So, test_tokenize_text the function is, tokenize_text The function works properly:

def test_tokenize_text():
"""
Test the tokenize_text function to ensure it correctly tokenizes text using BERT tokenizer.
"""
tokenizer = BertTokenizer.from_pretrained("bert-base-uncased")
# Example input texts
txt = ["Hello, @! World!", 
"Spaces    "]
# Tokenize the text
max_length = 128
res = tokenize_text(text=txt, tokenizer=tokenizer, max_length=max_length)
# let's test that the output is a dictionary and that the keys are correct
assert all(key in res for key in ["input_ids", "token_type_ids", "attention_mask"]), "Missing keys in the output dictionary."
# let's check the dimensions of the output tensors
assert res["input_ids"].shape[0] == len(txt), "Incorrect number of input_ids."
assert res['input_ids'].shape[1] == max_length, "Incorrect number of tokens."
# let's check that all the associated tensors are pytorch tensors
assert all(isinstance(res[key], torch.Tensor) for key in res), "Not all values are PyTorch tensors."

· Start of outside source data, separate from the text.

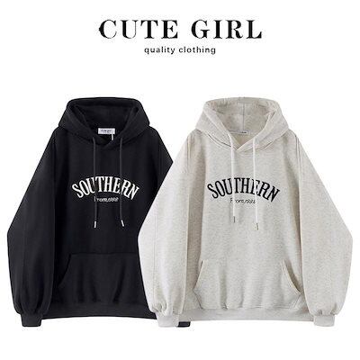 ジャケット トップス パーカー レディース カジュアル 快適 レター プリント ベルベット フード付き スウェットシャツ 女性 冬 オーバー サイズ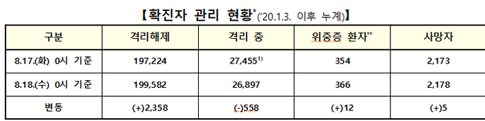 ▲ 18일 0시 기준 코로나19 확진자 관리 현황. [출처=중앙방역대책본부] |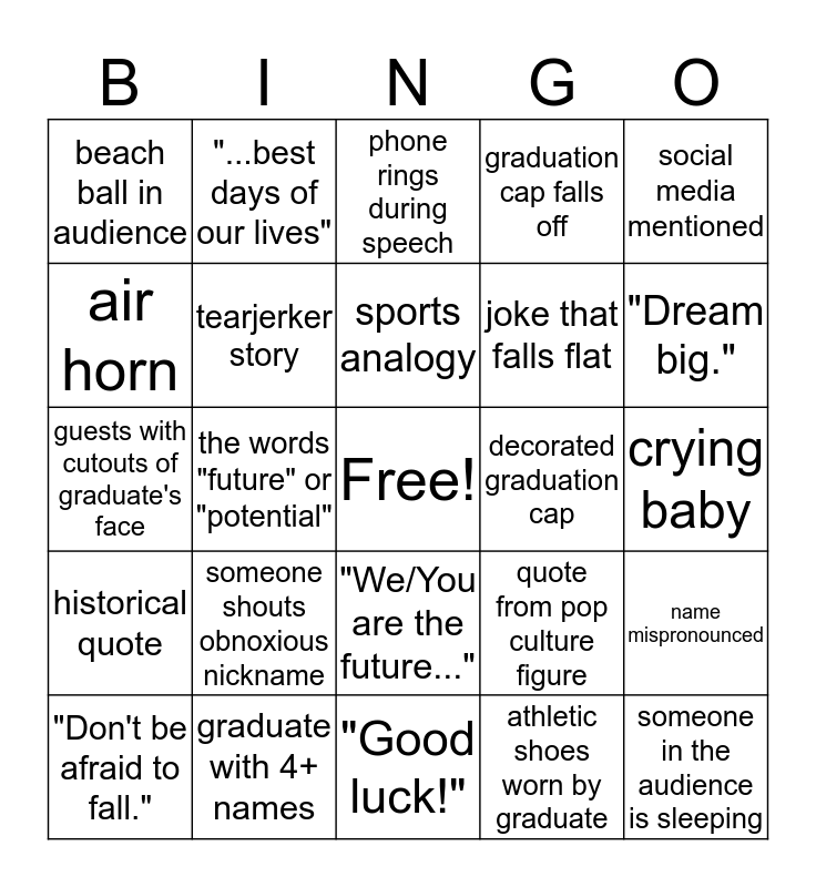 This bingo card has a free space and 37 words: childhood anecdote, microphone problem, graduate raises arms in triumph, tearjerker story, name mispronounced, someone shouts obnoxious nickname, sports analogy, someone trips, social media mentioned, someone hugs the announcer, the words "future" or "potential", graduation cap falls off, someone in the audience is sleeping, crying baby, air horn, historical quote, person giving speech cries or gets choked up, phone rings during speech, "We/You are the future...", decorated graduation cap, beach ball in audience, "Dream big.", "Don't be afraid to fall.", "Good luck!", teacher mentioned in speech, athletic shoes worn by graduate, "...best days of our lives", joke about being nervous, graduate with Jr./III/etc. in name, graduate wearing 3"+ heels, "Follow your dream/passion", graduate with 4+ names, guests with cutouts of graduate's face, "This is the last time we'll be together.", quote from pop culture figure, joke that falls flat and someone doesn't understand how microphones work.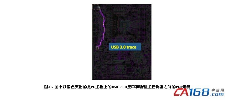 在选择与笔记本电脑一起使用的USB3.0电缆时,也有一些因素需要考虑。大多数USB3.0相机厂商提供的电缆长度为5米。然而,这些较长的电缆通常是在PC机上测试的,而PC上使用的是PCI-Express主控制器卡。在PCIe卡上,物理USB3.0主控制器芯片和USB3.0接口紧靠在一起,因此印刷电路板(PCB)的“走线”非常短(见图3)。然而在笔记本电脑上,其主板电路设计比较紧凑,PCB走线可能会很长。在这种情况下,USB3.0电缆的长度加上PCB走线的长度,可能会导致电缆连接距离太长,并且会出现连接不稳定的现象。因此在这种情况下,最好使用较短的电缆,或者购买适合工业应用的更高质量的电缆。请参阅下一节中有关“为USB 3.0延长电缆长度”的更多信息。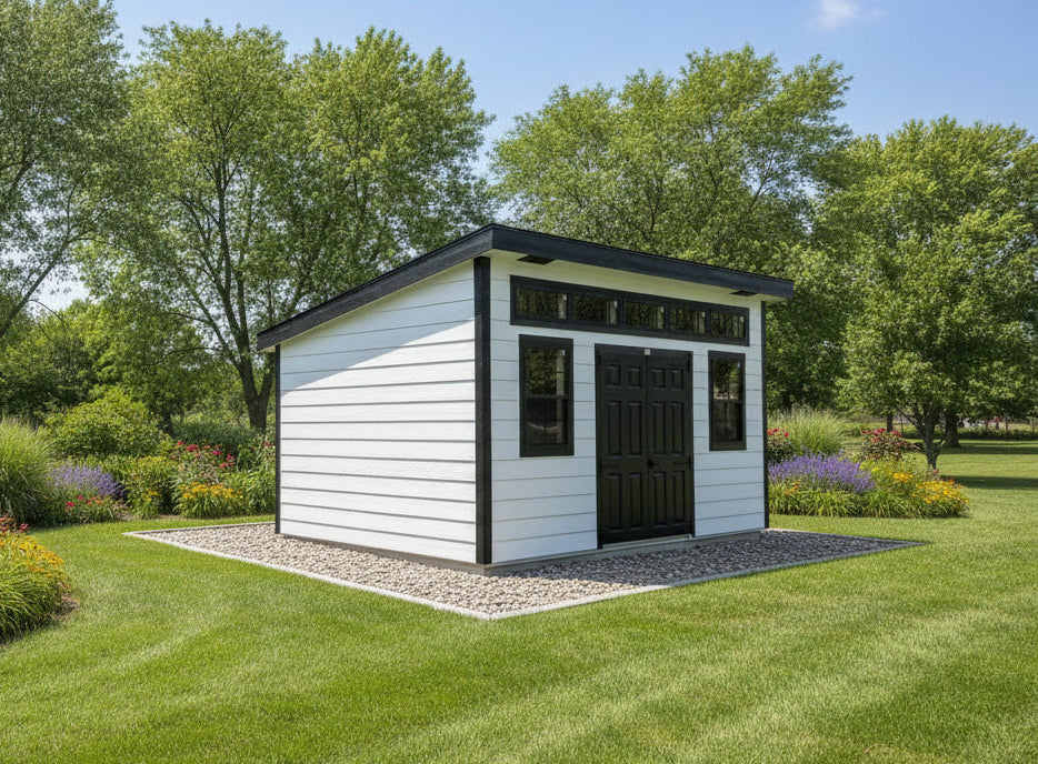 ~ 10X16 Modern Backyard Shed Package With Wood Lap Siding ** Roofline - Studio** ~ Building Color - Super White (SW 6995) ~ Trim Color - *FASCIA, CORNER, WINDOW & DOOR TRIM* - Tricorn Black (SW6258) Super Paint ~ **** LP Smart Siding Lap ClapBoard W/ 7" Exposure **** ~ Shingles - CertainTeed (Black) (NorthGate) ~ Drip Edge - Black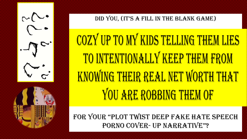 Feeling conflicted....Have you participated and been compliance by apathy and fear ....allowed your self to be fear mongered while one body after the next turns up dead? As pieces of thepuzzle fall into place and the truth is revealed do you feel repulsed that you were decevied and lead astray, and now find yourself associated with a life sentence, and or worse, connected to multiple murderss, "tragic accidents", and a grave 21 year running and counting human rights violation, and really have not gotten a cut large enough or worth the rest of your life? Are you dumbfounded by the stupidity of those who have involved you learning that they have paper trailed and broadcast decades of evidence against the entire Devil's Amway Maga Fraud ring, and want to set a really firm boundary for yourself,claiming only your actions, and none of the criminal felony state crimes that have been committed? Are you repulsed at what they have done to me , my son and my daughter 100% innocent and non consensual since day 1, 2001 , victims of fraud , deep fake , abuse of celebrity status and police government law enforcement corruption which has set up 21 years of abuse exploitation sex and human trafficking and obstruction of justice? Free yourself from the pain and guilt, and set a firm defining boundary for yourself,and file a detailed report with the FBI.Maybe your information will save your fckng ASS.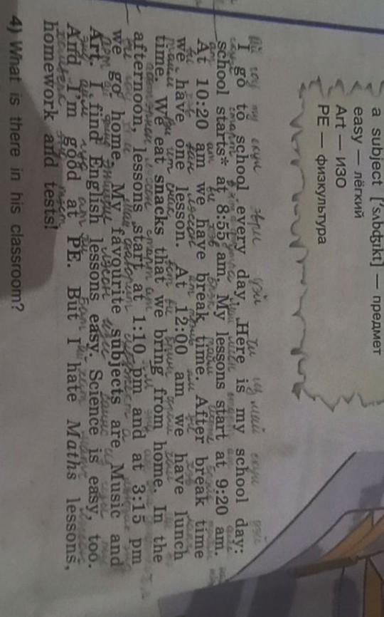 они идут в школу каждый день, Вот мой школьный день: начало занятий * в 8:55. Мои уроки начинаются в 9:20 утра. В 10:20 у нас перерыв. После перерыва у нас одно занятие. В 12:00 по времени после обеда, уроки начинаются в 1:10, мы обедаем, перекусываем, что приносим из дома. Любимые предметы после полудня и в 15:15 - Музыка, и мы идем домой. Искусство. Я нахожу уроки английского легко. Наука тоже проста. Я хорошо разбираюсь в физкультуре. Но я ненавижу уроки математики, домашние задания и тесты!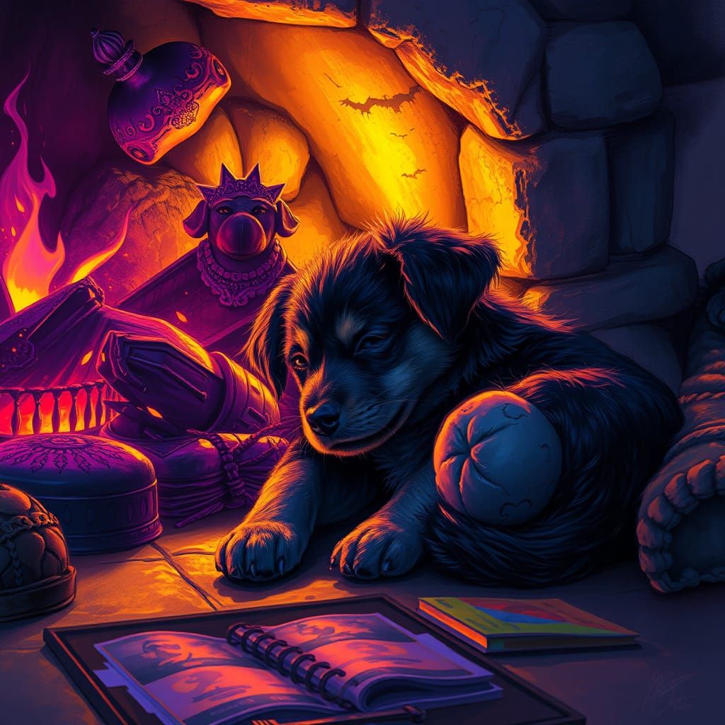 This image shows a puppy asleep near a fireplace, rendered in a detailed alcohol ink style with dramatic lighting and deep colors, resembling concept art.

Now let's run a full test. test_data_loaderThe .py file currently has two functions:

• test_tokenize_text
• test_clean_text

You can run a full test from the terminal using this command:

pytest tests/test_data_loader.py

And you should get a result like this:

Congratulations! Now you know how to test an entire script, let's go to the last level and test your entire code base.

How do I test my entire codebase?

Continuing with the same reasoning, you can write other tests per script and they should have a similar structure.

├── tests/
│   ├── conftest.py
│   ├── test_data_loader.py
│   ├── test_evaluation.py
│   ├── test_main.py
│   ├── test_trainer.py
│   └── test_utils.py

Note that some variables in these test functions are constants. For example, tokenizer The ones we use are the same for all scripts. Pytest There is a better way to deal with this Fixtures.

Fixtures are a way to set up context or state before a test runs and clean up after it runs, providing a mechanism for managing test dependencies and injecting reusable code into tests.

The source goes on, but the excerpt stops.